Write the data out again exactly, dropping any images it holds.

Stored data |
====================
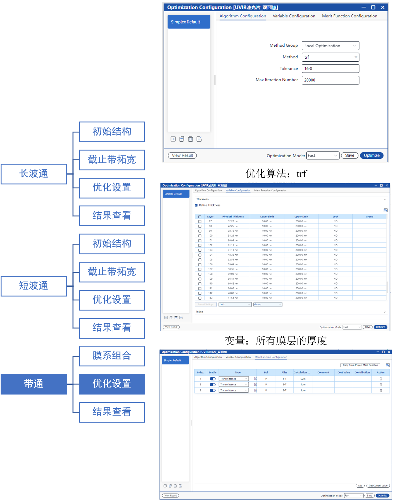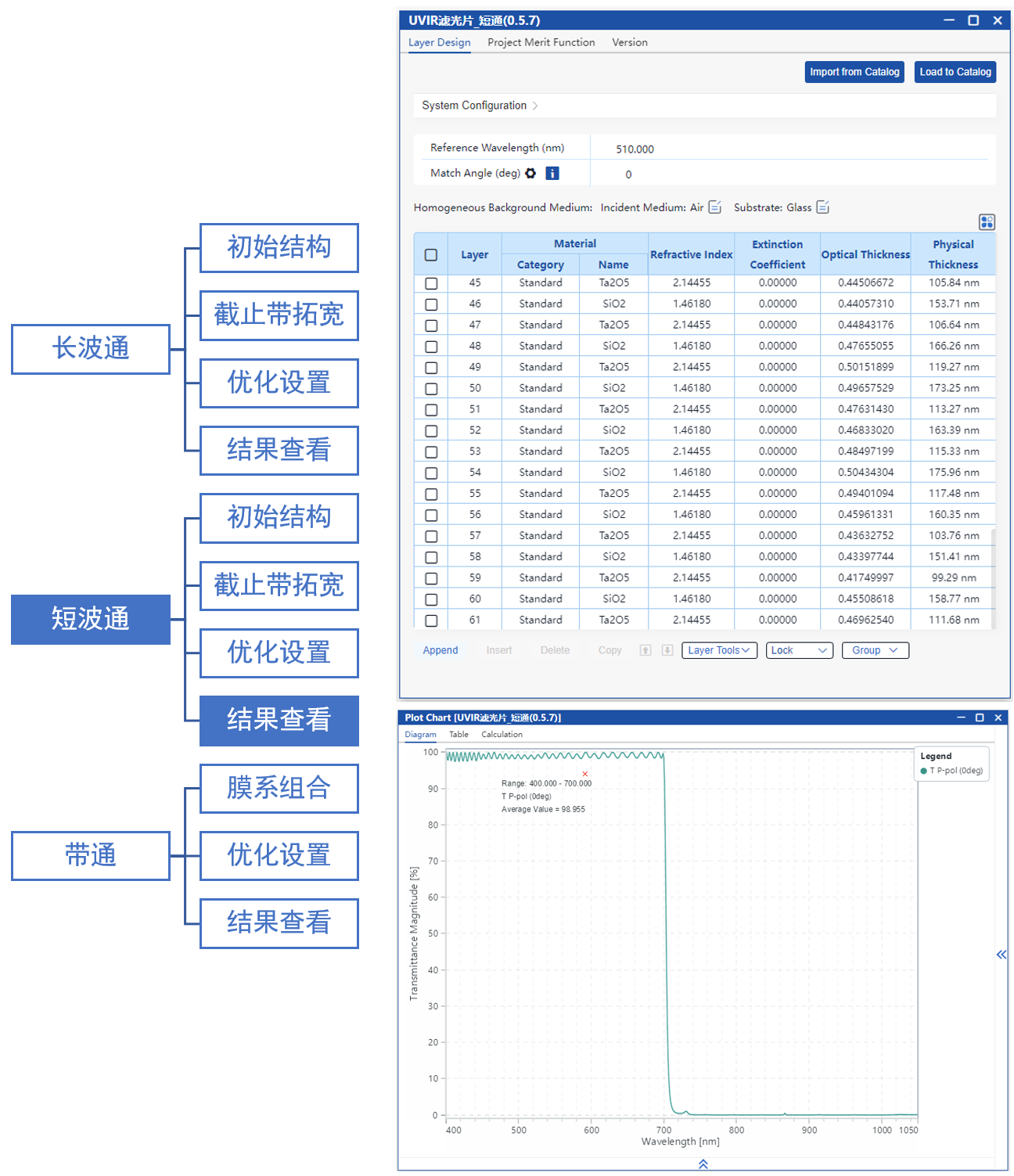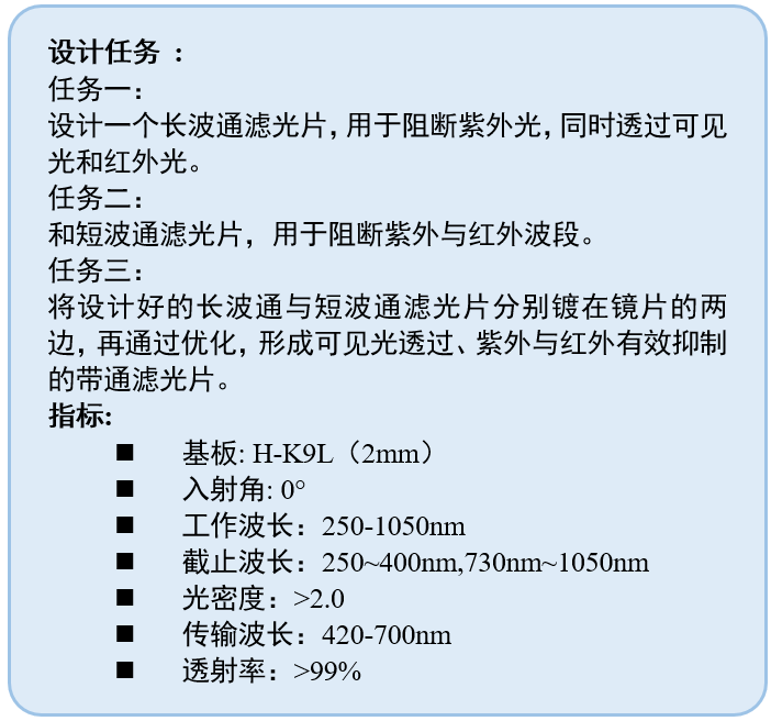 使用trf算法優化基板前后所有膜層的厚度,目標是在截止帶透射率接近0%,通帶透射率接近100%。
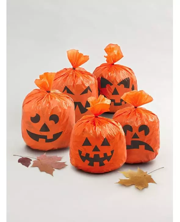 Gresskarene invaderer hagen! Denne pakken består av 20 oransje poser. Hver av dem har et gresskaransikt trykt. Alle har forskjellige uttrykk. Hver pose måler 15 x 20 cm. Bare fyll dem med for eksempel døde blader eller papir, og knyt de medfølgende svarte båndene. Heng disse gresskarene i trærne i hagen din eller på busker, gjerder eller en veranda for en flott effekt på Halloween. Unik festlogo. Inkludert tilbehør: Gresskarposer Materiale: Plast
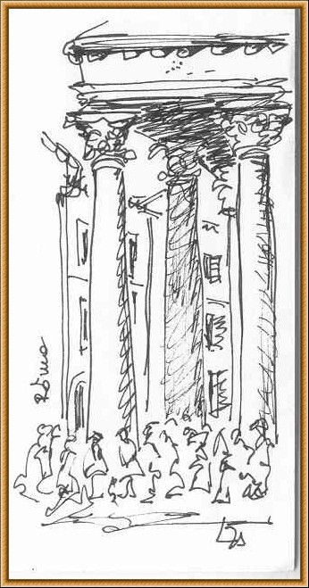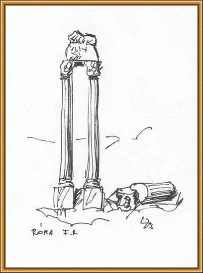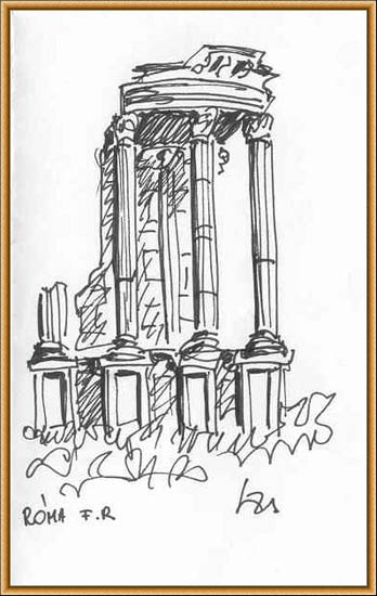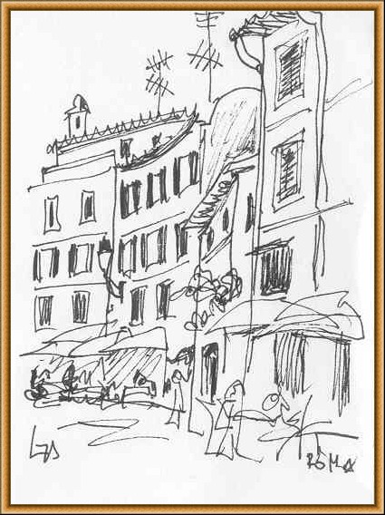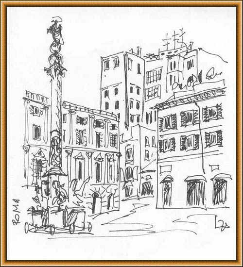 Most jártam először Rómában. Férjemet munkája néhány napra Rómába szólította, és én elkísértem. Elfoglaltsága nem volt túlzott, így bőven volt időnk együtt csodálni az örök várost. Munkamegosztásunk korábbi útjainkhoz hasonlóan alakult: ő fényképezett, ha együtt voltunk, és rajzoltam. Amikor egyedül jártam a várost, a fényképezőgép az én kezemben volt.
====================
Your solution |
 使用trf算法優化基板前后所有膜層的厚度,目標是在截止帶透射率接近0%,通帶透射率接近100%。
 Gresskarene invaderer hagen! Denne pakken består av 20 oransje poser. Hver av dem har et gresskaransikt trykt. Alle har forskjellige uttrykk. Hver pose måler 15 x 20 cm. Bare fyll dem med for eksempel døde blader eller papir, og knyt de medfølgende svarte båndene. Heng disse gresskarene i trærne i hagen din eller på busker, gjerder eller en veranda for en flott effekt på Halloween. Unik festlogo. Inkludert tilbehør: Gresskarposer Materiale: Plast
 Most jártam először Rómában. Férjemet munkája néhány napra Rómába szólította, és én elkísértem. Elfoglaltsága nem volt túlzott, így bőven volt időnk együtt csodálni az örök várost. Munkamegosztásunk korábbi útjainkhoz hasonlóan alakult: ő fényképezett, ha együtt voltunk, és rajzoltam. Amikor egyedül jártam a várost, a fényképezőgép az én kezemben volt.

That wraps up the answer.